The new high-tech distributed system exerts a very powerful force that may not be obvious to many people . It empowers the older distributed systems by facilitating communication, lowering cost, and reducing the importance of existing centers of control. Some cases to illustrate: Emails cut into the revenues of the post office. Universities are offering online classes. Doctors diagnose and advise patients at home. Writers don’t need to find a publishing house. Musicians need not connect with a record company. You can even make your own movie without going to Hollywood. These are new opportunities opening to the individual. However, this force greatly disrupts the business of the existing control centers. Hence people label the high-tech force as creative disruption or destructive creation.

Consider the automobile again. Although empowering the individual, the auto is totally controlled by the oil industry through gasoline supply and price manipulation. Is there a way out? Yes, electricity as an alternative energy. The electricity does not have to come from the utility company if solar panels are installed that are falling in prices rapidly. The plug-in hybrid and the electric are comparable in price to the conventional gasoline engine but will take time to catch on with the general population. The solar panel is another case of distributed system that will transform the concentrated system of the auto industry by diminishing the importance of oil in our life.

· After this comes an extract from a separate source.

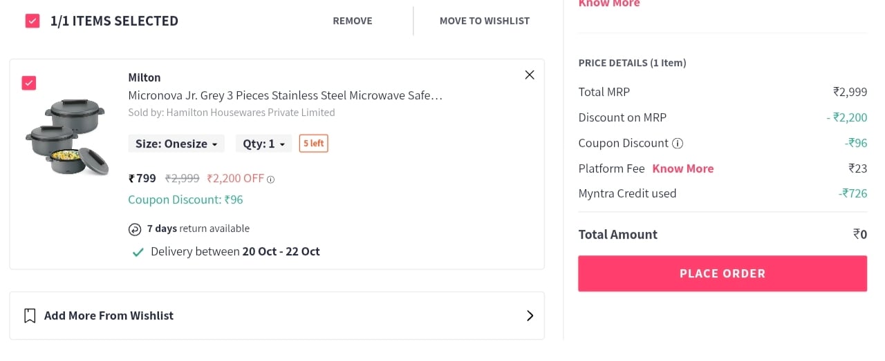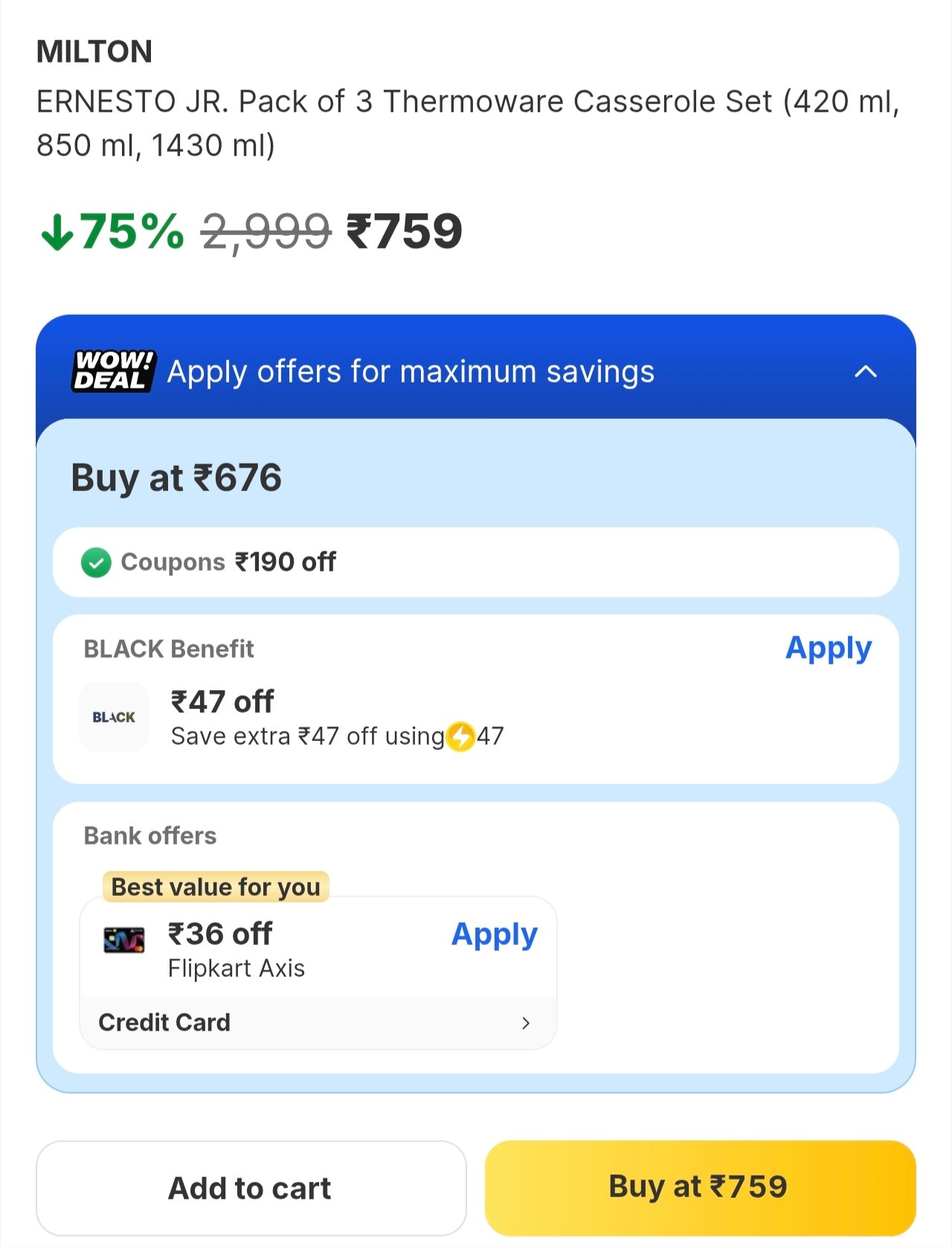- Myntra: Also ₹759 with coupon HOMEFLAT (20%) – no SuperCoins needed for discount.

Citizens of the developed world may not appreciate solar energy as much as those of the underdeveloped world. Why? the former has built a network of infrastructure that guarantees plenty of electricity supply. The latter does not have any of those. The solar solution presents a quick path to energy sufficiency for poor and remote regions where transmission lines do not exist.

Solar panels help create a modern distributed system of independent electricity generation without the need for an expensive transmission infrastructure. In this new system, it requires two conditions for efficient operation: electricity generation as well as storage, because sunlight is not available all day and electricity is lost if not used. The former is within reach now given fast declining prices of solar panels. The latter still awaits more advanced technology to bring the prices down. A downward price trend for electricity storage will add momentum to the economic development of poor countries.

Mobile technology is one more distributed system that benefits poor countries and remote regions greatly. Mobile means less expensive infrastructure except transmission stations at strategic places. That is why mobile phones spread like wildfire in the underdeveloped world where telephone land lines are lacking. Mobile technology allows the Internet to connect all high-tech devices, resulting in the quick spread of personal computers besides the cell phones.